Funds in this category include SBI Bluechip (13.60%, 1.11% ER), HDFC Large Cap (15.24%, 1.03% ER where the margin over index barely covers the cost), Tata Large Cap (14.44%, 1.02% ER), and Taurus Large Cap (any return at 2.41% ER is mathematically handicapped).
The Alternative Nobody Talks About — Nifty Next 50
This is the comparison every large cap fund house hopes you never make:
| Metric | Best Active Large Cap (Nippon) | Nifty Next 50 Index (ICICI Pru) |
|---|---|---|
| 3Y CAGR | 18.86% | 22.70% |
| Expense Ratio | 0.67% | 0.35% |
| Annual Cost Drag | Rs 6,700 per Rs 10L | Rs 3,500 per Rs 10L |
| Stocks Held | ~45-55 (overlapping Nifty 50) | 50 (ranked 51-100) |
| Active Risk | Fund manager dependent | Rules-based, no manager risk |
Nifty Next 50 holds companies ranked 51st to 100th by market capitalisation. These are not small or mid-cap stocks — they are large companies that are the next candidates for Nifty 50 inclusion. Names like Zomato, Jio Financial, DLF, and Vedanta.
The catch: Nifty Next 50 is more volatile in sharp corrections. In a broad market crash, it will fall harder than Nifty 50. If you cannot stomach 25-30% drawdowns, stick with Nifty 50 index funds.
For investors with a 7+ year horizon who want large-cap-adjacent exposure at index-fund cost, a Nifty 50 + Nifty Next 50 index fund combination replaces most active large cap funds at one-third the cost.
What You Should Actually Do
If you currently hold an active large cap fund:
- Check your fund’s 5Y CAGR against the Nifty 50 TRI (approximately 12% as of April 2026)

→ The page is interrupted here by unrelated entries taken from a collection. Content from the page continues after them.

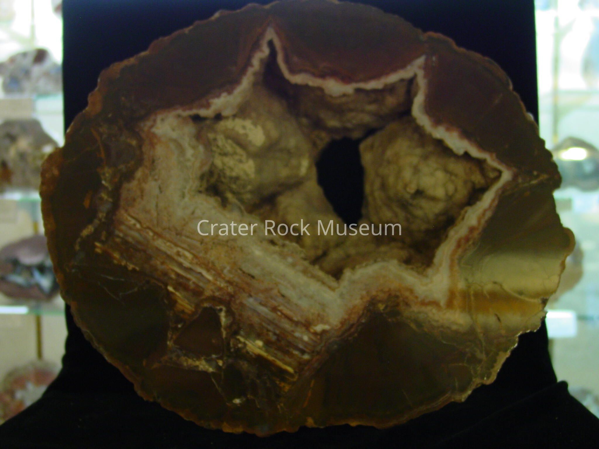 Description: Rough, rounded back with polished face. Solid dark brown on outer areas with a reddish-brown and white outer band surrounding a partial linear banded area of reddish-brown, dull white, and black inner area, and a hollow cavity with a dull gray nodule center inside.Collection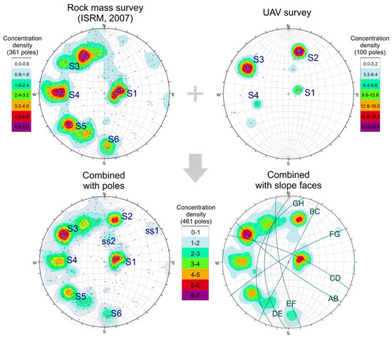 Besides the number of poles, which is a matter of number of surveys, a further difference refers to the reliability of data. By comparing the two stereograms it is evident that S5 and S6 discontinuity systems are missing in the UAV output. Similarly, the S2 set is not well marked in the rock mass survey stereogram, although some poles can be referred to this family. By combining the two data sets, a unique stereogram was obtained, with the evidence of six main discontinuity sets, along with a relevant number of scattered poles (Figure 5). The latter could not be grouped into “main” systems due to a poor statistical contouring, but they are index of a complex geostructural setting of the rock cliff. In this case, the most significant two “secondary” clusters were labeled as ss1 and ss2.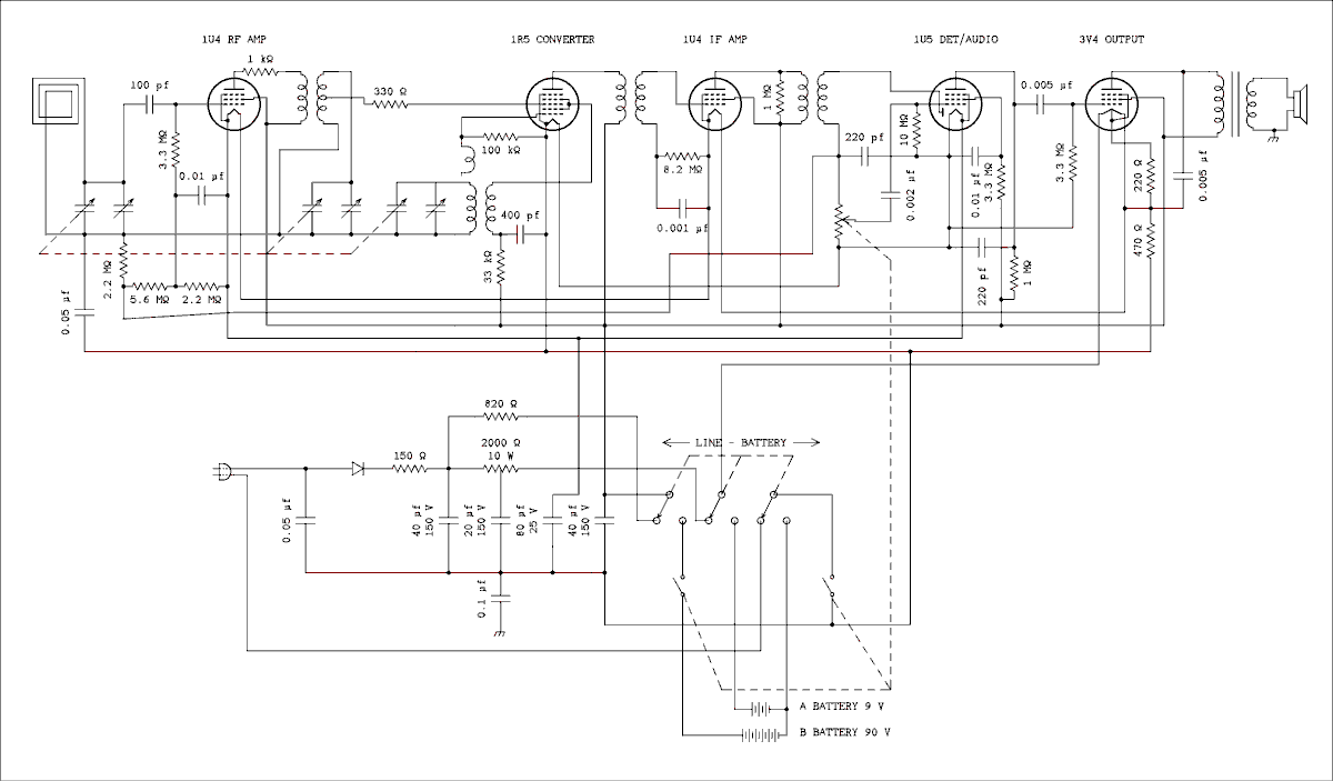 Upon examining this schematic the first thing that struck me was that full AGC is applied only to the Converter tube while about 28% of it is applied to the RF tube and none to the IF tube. After a few minutes of puzzlement I got it. The 1U4 is a sharp cutoff pentode. A remote cutoff pentode can provide gain control over a wide range even for voltages measured in volts or even 10s of volts. if this is attempted with a sharp cutoff tube serious distortion of an amplitude modulated signal will result. A sharp cutoff can be used as a gain control element if control voltage and signal level are kept small. The signal level is in the single digit millivolts or below. That is what is true for the RF stage of this radio.I remember that the AGC action was about the same as an AA5 but not as good as an AA6 wherein the AGC is applied to RF, converter, and IF stages. I assume that the tapped secondary of the RF plate coil and the resistor in series with grid 3 of the 1R5 is to improve performance under extremely strong signal conditions. I don't remember it ever being blocked even when riding in a car with it and driving past a radio station's tower.

- Subtract your fund’s expense ratio from its CAGR. If the result is below 12%, your fund is destroying value vs the index
- If your fund is a closet indexer (R-squared > 0.95, overlap > 70%), switch to a Nifty 50 index fund — but check your SIP tax implications before switching
If you are investing fresh:
- Default choice: Nifty 50 index fund (0.09-0.20% ER). You beat 73% of active managers automatically.
- Growth tilt: Add Nifty Next 50 index fund (0.35% ER) for higher return potential at the cost of more volatility.
- Active conviction: Only Nippon India Large Cap has a strong enough track record to justify the fee. But past alpha is not guaranteed to continue.
What not to do:
- Do not buy a large cap fund because your bank RM recommended it. Check the direct vs regular plan cost difference.
- Do not pick based on 1-year returns. Bank of India Large Cap topped 1Y returns (15.78%) with just Rs 210 Cr AUM — that is too small and too short a track record to trust.
- Do not split across 3-4 large cap funds for “diversification.” They all buy from the same 100 stocks. Two large cap funds give you portfolio overlap, not diversification.
- Do not assume a flexi-cap fund gives you something different — most flexi-cap funds hold 65–84% in large caps, making them closet large-cap funds at higher expense ratios.
Data sources: AMFI daily NAV disclosures, AMC monthly factsheets, SPIVA India Scorecard, SEBI (Mutual Funds) Regulations 2026, Groww, INDmoney, Angel One, Value Research Online. All data as of April 2026 unless noted. Returns are for direct plans. Past performance does not guarantee future results.
This article is for educational purposes. HonestMoney.in does not sell or distribute mutual funds. We have no affiliate partnerships with any AMC or platform mentioned above.